» What to work on:
Leave every picture out. Set down all the lines below exactly.

» Collected data:
--------------------

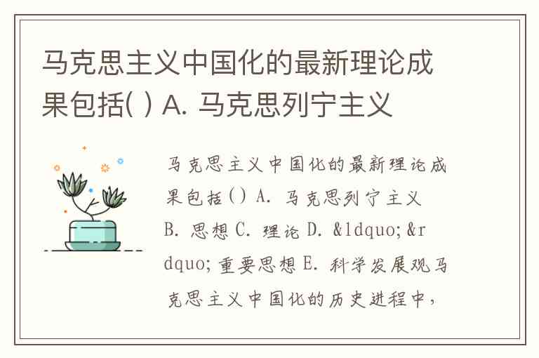马克思主义中国化的最新理论成果包括( ) A. 马克思列宁主义 B. 思想 C. 理论 D. “”重要思想 E. 科学发展观
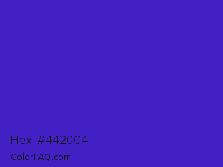 Hex #4420c4 Color is a normal indigo color and the nearest color is Interdimensional Blue #360ccc. Hex code #4420c4 and RGB value is rgb(68,32,196). In RGB color space, this color is composed of 27% red, 13% green, 77% blue, In CMYK color space, this color is composed of 65% cyan, 84% magenta, 0% yellow , 23% black , In HSL color space, this color has a hue angle of 253° , 72% saturation and 45% lightness.
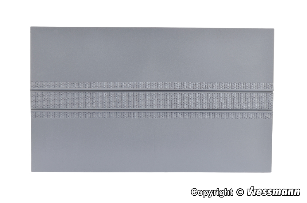 Überall wo Schiene und Straße ein gleiches Niveau fordern, kann die Platte eingesetzt werden, z.B. Fabrikhöfe, Hafenanlagen etc.. Wie bei dem Vorbild liegen auch im Modell die Gleise in einer Pflastersteinbettung. Diese Platte kann mit der Schere beschnitten werden.
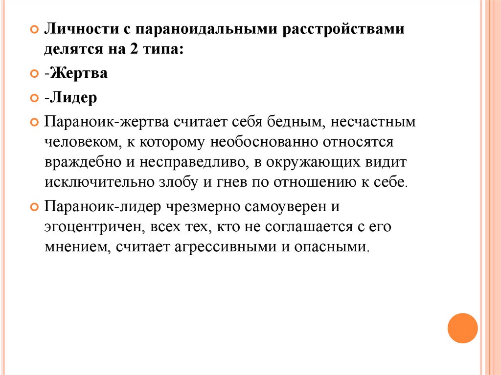Личности с параноидальными расстройствамиделятся на 2 типа:

--------------------

» Exercise answer:
马克思主义中国化的最新理论成果包括( ) A. 马克思列宁主义 B. 思想 C. 理论 D. “”重要思想 E. 科学发展观
 Hex #4420c4 Color is a normal indigo color and the nearest color is Interdimensional Blue #360ccc. Hex code #4420c4 and RGB value is rgb(68,32,196). In RGB color space, this color is composed of 27% red, 13% green, 77% blue, In CMYK color space, this color is composed of 65% cyan, 84% magenta, 0% yellow , 23% black , In HSL color space, this color has a hue angle of 253° , 72% saturation and 45% lightness.
 Überall wo Schiene und Straße ein gleiches Niveau fordern, kann die Platte eingesetzt werden, z.B. Fabrikhöfe, Hafenanlagen etc.. Wie bei dem Vorbild liegen auch im Modell die Gleise in einer Pflastersteinbettung. Diese Platte kann mit der Schere beschnitten werden.
Личности с параноидальными расстройствамиделятся на 2 типа:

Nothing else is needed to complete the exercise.